Friday, February 14, 2020


'Fail Safe' and the (De)Evolution of Cold War Ethics

COLIN FITZGERALD

04 Feb 2020
Fail Safe (1964) (Image courtesy of Criterion

Directed by the master of claustrophobic tension Sidney Lumet, Fail Safe (1964) is one of the most gripping Atomic Era thrillers ever made and its message resonates to this day.


FAIL SAFE
SIDNEY LUMET

The Criterion Collection

28 January 2020 OTHER

"Had the atomic bomb turned out to be something as cheap and easily manufactured as a bicycle or an alarm clock, it might well have plunged us back into barbarism, but it might, on the other hand, have meant the end of national sovereignty and of the highly-centralised police state. If, as seems to be the case, it is a rare and costly object as difficult to produce as a battleship, it is likelier to put an end to large-scale wars at the cost of prolonging indefinitely a 'peace that is no peace.'" — George Orwell

"Let us not be deceived—we are today in the midst of a cold war. Our enemies are to be found abroad and at home. Let us never forget this: our unrest is the heart of their success. The peace of the world is the hope and the goal of our political system. It is the despair and defeat of those who stand against us. We can depend only on ourselves." — Bernard Baruch

The etymology of the term "cold war" is long and relatively complex, but the phrase's ultimate historical destination as the label for mid-20th century geopolitical aggressions between the USSR and key Western powers like the United States is overwhelmingly fixed to the legacies of two particular individuals: author George Orwell and multimillionaire investor and political advisor Bernard Baruch.
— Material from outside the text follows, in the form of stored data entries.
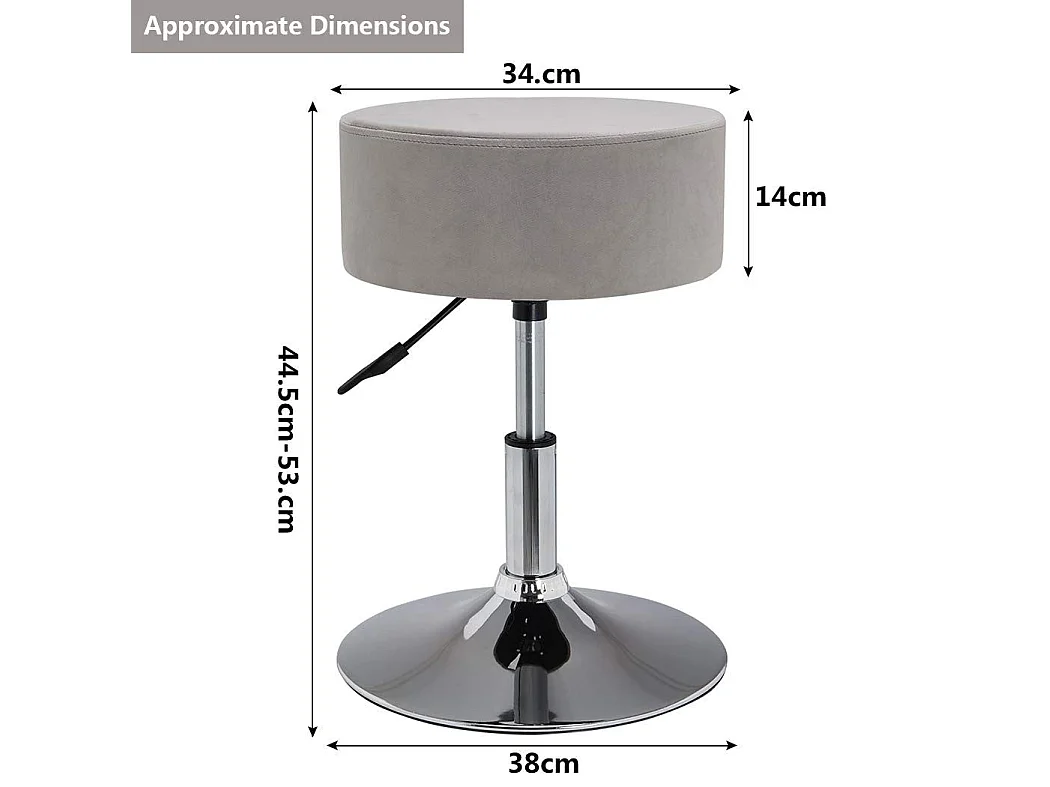 Tabouret chaise hauteur réglable tissu grise 38.5 x 38.5 x 53 cm TABO09052
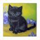 Tile med en svart katt i stil i Vincent van Gogh! Den här blåögda älsklingen sitter orubbligt med lila blommor mot en grönt och gult bord. En underbar gåva till kattälskare och nederländska konstsamlare!
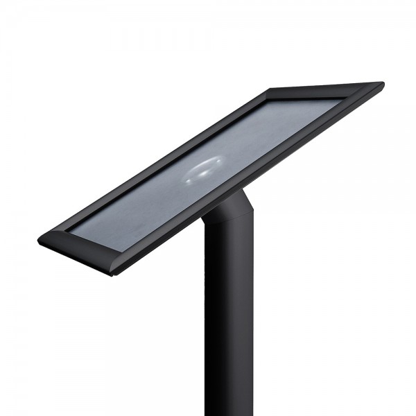 Pristatykite savo reklaminį pranešimą ar meniu šioje meniu stende. Snap rėmas yra prieinamas su apvaliais arba kampuotais kampais. Guminės kojelės suteikia papildomą stabilumą. Puikus produktas naudoti muziejuose ar parduotuvėse.
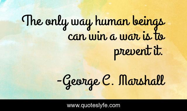 This page presents the quote "The only way human beings can win a war is to prevent it.". Author of this quote is George C. Marshall. This quote is about win, way, human,.
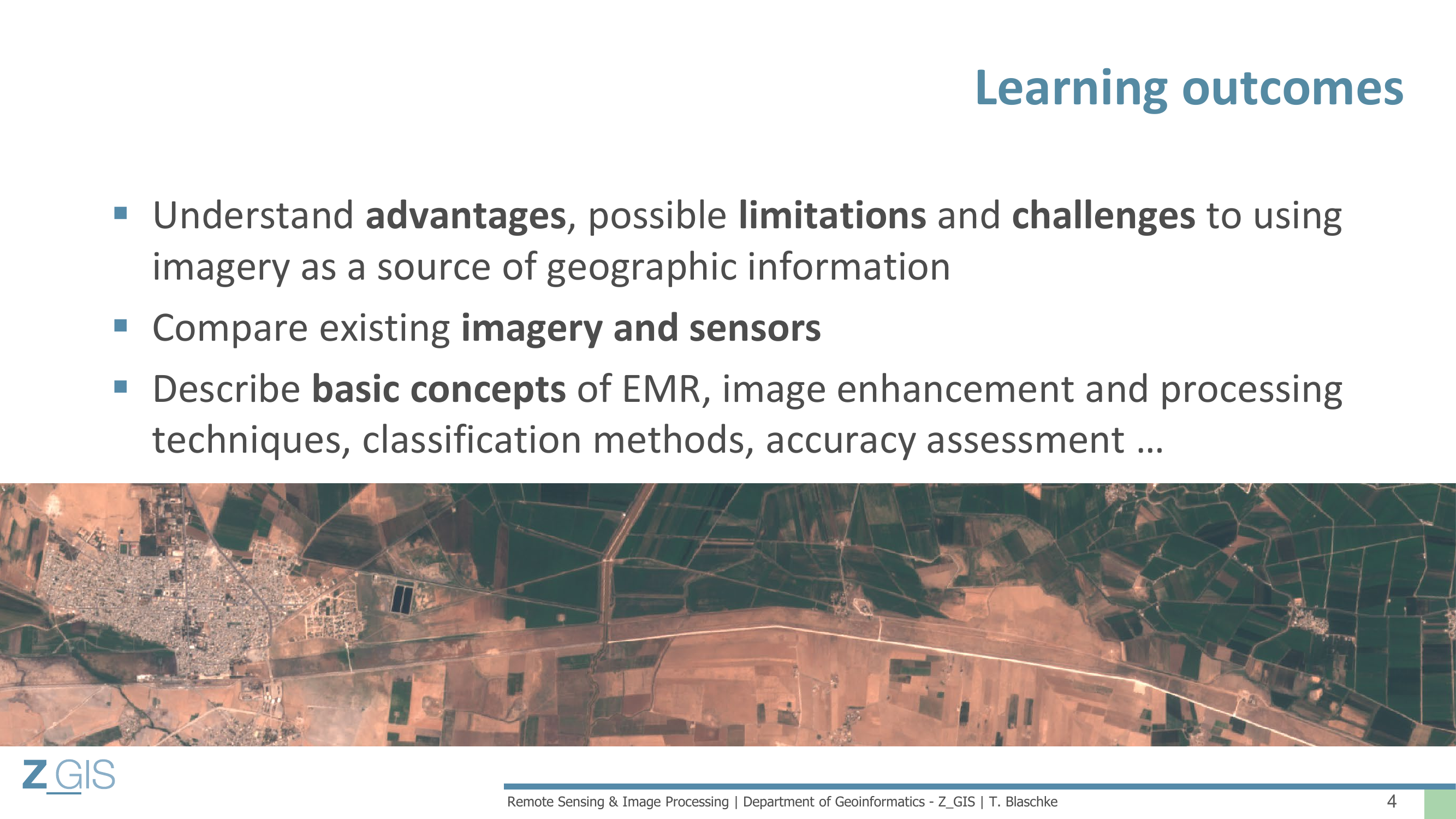 Slide 4 ergänzt die Lernziele: Man soll die Vorteile, möglichen Limitierungen und Herausforderungen verstehen, die mit der Nutzung von Bilddaten als Quelle geographischer Information verbunden sind. Außerdem soll man bestehende Bild- und Sensorsysteme vergleichen und die Grundkonzepte von EMR, Bildverbesserungstechniken, Klassifikationsmethoden und Genauigkeitsbewertung beschreiben können.

Orwell used the term in his 1945 essay "You and the Atomic Bomb", in which he speculated about how the invention of nuclear weaponry would irrevocably alter power relations on a global and national scale by "robbing the exploited classes and peoples of all power to revolt." He warned of the ways atomic capability could provoke and solidify a severe and dangerous power imbalance around the world, lamenting "the kind of world-view, the kind of beliefs, and the social structure that would probably prevail in a state which was at once unconquerable and in a permanent state of 'cold war' with its neighbours."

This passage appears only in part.